I just hope to get the real Douvan back - Willie Mullins
When scrolling down through the ante-post lists for the Cheltenham Festival, it's striking to see the difference in complexion from previous years and while Willie Mullins' team is as strong as ever, there isn't the same monopoly at the head of the markets.
Mullins has collected the Irish Independent Leading Trainer Award at five of the last seven Festivals - and is a narrow 5/4 favourite to reclaim his crown from Gordon Elliott (2/1) with Nicky Henderson a close third (3/1) - but several of his stable stars are on retrieval missions.
Unlike other years where there were 'certainties' around every corner, there are more questions than answers this time around with the key players in the Mullins battalion heading to the Cotswolds in two weeks' time with a point to prove.
Douvan is one such case with the brilliant two-mile chaser off the racecourse since limping home lame in last year's Champion Chase - where he went off 2/9 favourite - and it didn't look like Rich Ricci's eight-year-old would be seen again at all this year.
Everything is still "day by day" but a mouth-watering Champion Chase duel with Altior looks in store as Mullins bids to recapture the form which saw Douvan complete a jaw-dropping piece of work prior to his aborted run in Sandown's Tingle Creek.
"I remember the morning that he got the injury. He did a bit of work and I remember saying, 'This is awesome,' but of course he was lame the next morning. I can't remember what he worked against but he flew. It was the fastest bit of work I had ever seen him do," Mullins said yesterday.
"I said to my team, 'I do not want to see him do a piece of work like that again - save it for the racecourse!' I thought it was frightening and I said to myself if he reproduces that on the track, he will be very hard to beat.
"Whether he will ever get back to that, I don't know, but his work at the moment is certainly good enough. He has been pleasing me and doing everything right. He has a few good bits of work to do this week.
"He has been away a couple of times already but it is day to day with him. I just hope I can get him back to the level he was at in November. Unless we are happy with him, he won't go. It could be a race to savour (with Altior) but we have got to get there first."
Having previously said his participation was "50-50", Mullins admits it is "considerably better odds now" but he is still unsure how he will react when they "put the gun to his head in the next few days" for some serious home work.
"If he comes back sound from those, the gun will probably be put to his head at Cheltenham, Altior will probably do that," he joked.
Another bidding to reclaim former glory is Faugheen with 'The Machine' set to make just his third Cheltenham appearance and belatedly defend his 2015 Champion Hurdle crown against current champion Buveur D'Air.

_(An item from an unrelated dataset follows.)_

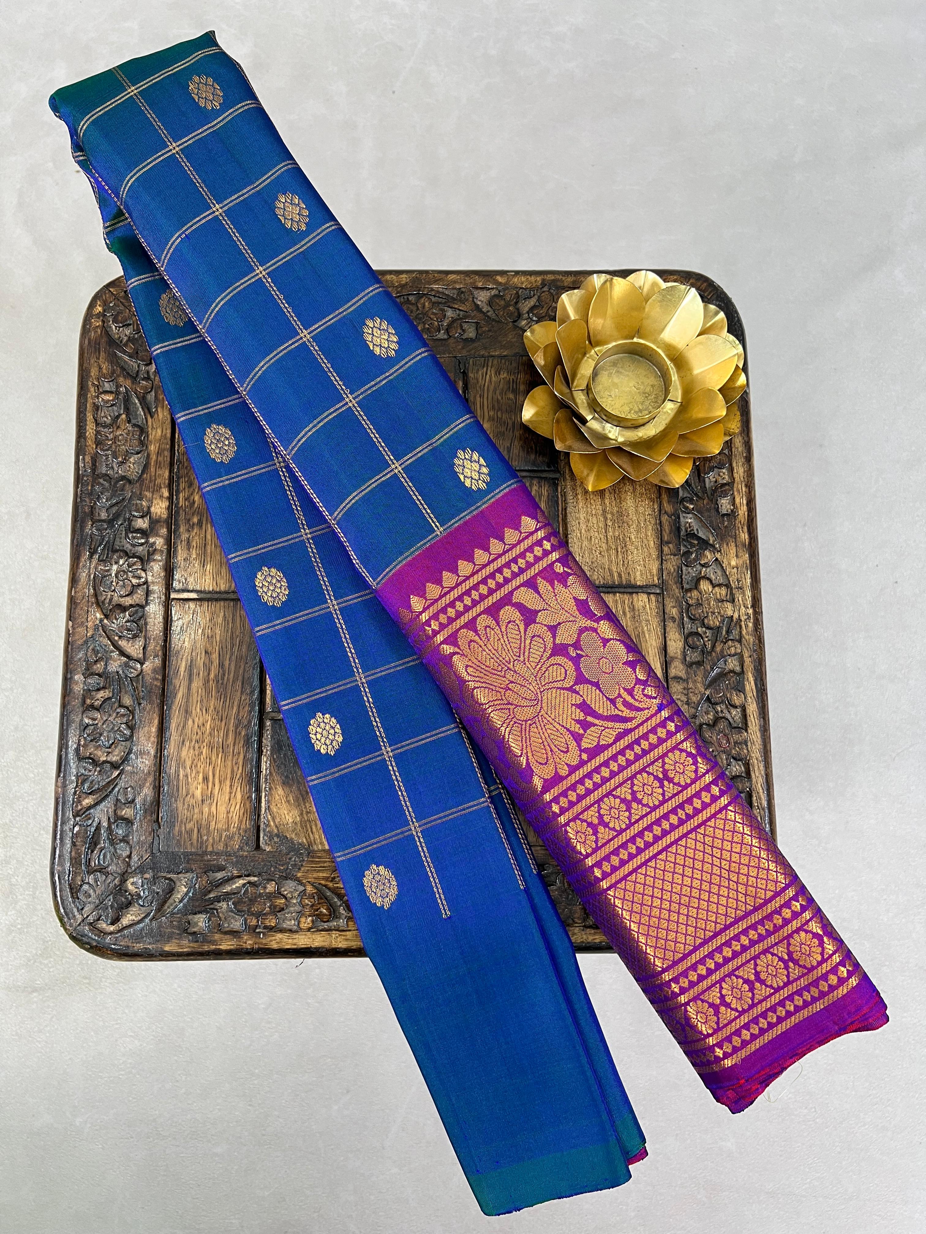 This Gadwal pure silk lehenga comes in royal blue colour with gold checks and buttas. It has a rich purple colour border with gold zari design, paired with a contrast blouse. Silk mark certified for quality and authenticity.

Not since Istabraq was pulled up 16 years ago in the Champion Hurdle has a crowd been deflated as quickly as when Faugheen was pulled up at Christmas in the Ryanair Hurdle. Many predicted that was the end for the ten-year-old but Mullins feels his subsequent second to Supasundae at the Dublin Racing Festival earlier this month may have been more encouraging than it seemed, although he doesn't know whether the "sparkle" will return.
"He worked well enough to run the last day and ran a grand race, way better than Christmas anyway but he'll have to up his game to try and win at Cheltenham. He mightn't need to be as good as he once was, I still think he's competitive," Mullins said. "We still had plenty of time for him to spark and get better from Leopardstown to the middle of March, we haven't gone downhill at home anyway, we're going up, maybe a bit slower than his usual but he is improving.
"This fella (Faugheen) might never come back and reach the heights that he did. I'm delighted he was what he was and hopefully he can come back to that but age is not on his side, so if it isn't to be it won't be."
With 54 Festival victories, Mullins trails all-time leading trainer Henderson by four but few of his winners have been as enigmatic as Yorkhill, the dual Festival winner talented enough to have held entries for the four major prizes of the week a few months back.
Two disappointing efforts over fences mean the Carlow handler is now "60-40" in leaning towards a tilt at the Champion Hurdle with the Graham Wylie-owned eight-year-old as he would "a lot easier to ride" over the smaller obstacles but a decision will be left until closer to flag-fall.
Few prizes have eluded Mullins in a glittering training career but six Gold Cup seconds leave him still without a blue riband to his name and he reports leading fancy Killultagh Vic to be in fine fettle following a final-fence fall in the Irish Gold Cup while Djakadam (twice runner-up), Total Recall and Bachasson also bid to break his duck.